**What to work on:** Write exactly the lines running from the start of the material below to the line that includes "以6/8今日為例,雷達警示出", and include no pictures.
Segment Start: Data section
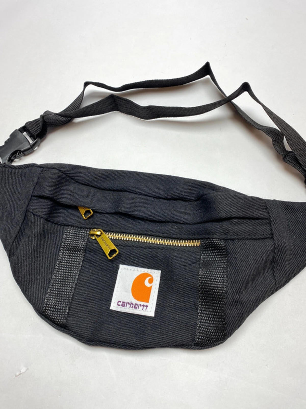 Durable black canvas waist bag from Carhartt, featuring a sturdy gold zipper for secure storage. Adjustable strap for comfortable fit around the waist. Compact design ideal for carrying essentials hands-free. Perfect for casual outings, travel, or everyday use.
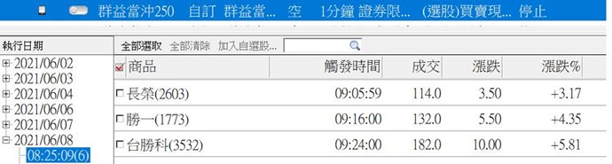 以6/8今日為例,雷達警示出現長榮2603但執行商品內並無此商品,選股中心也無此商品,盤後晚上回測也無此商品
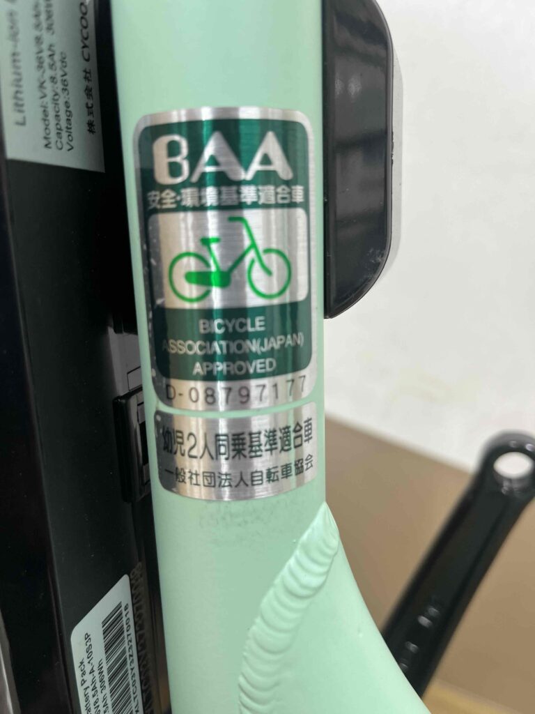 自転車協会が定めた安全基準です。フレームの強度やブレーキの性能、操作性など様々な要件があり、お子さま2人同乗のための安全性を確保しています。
Segment End: Data section
**Written solution:**
 Durable black canvas waist bag from Carhartt, featuring a sturdy gold zipper for secure storage. Adjustable strap for comfortable fit around the waist. Compact design ideal for carrying essentials hands-free. Perfect for casual outings, travel, or everyday use.
 以6/8今日為例,雷達警示出現長榮2603但執行商品內並無此商品,選股中心也無此商品,盤後晚上回測也無此商品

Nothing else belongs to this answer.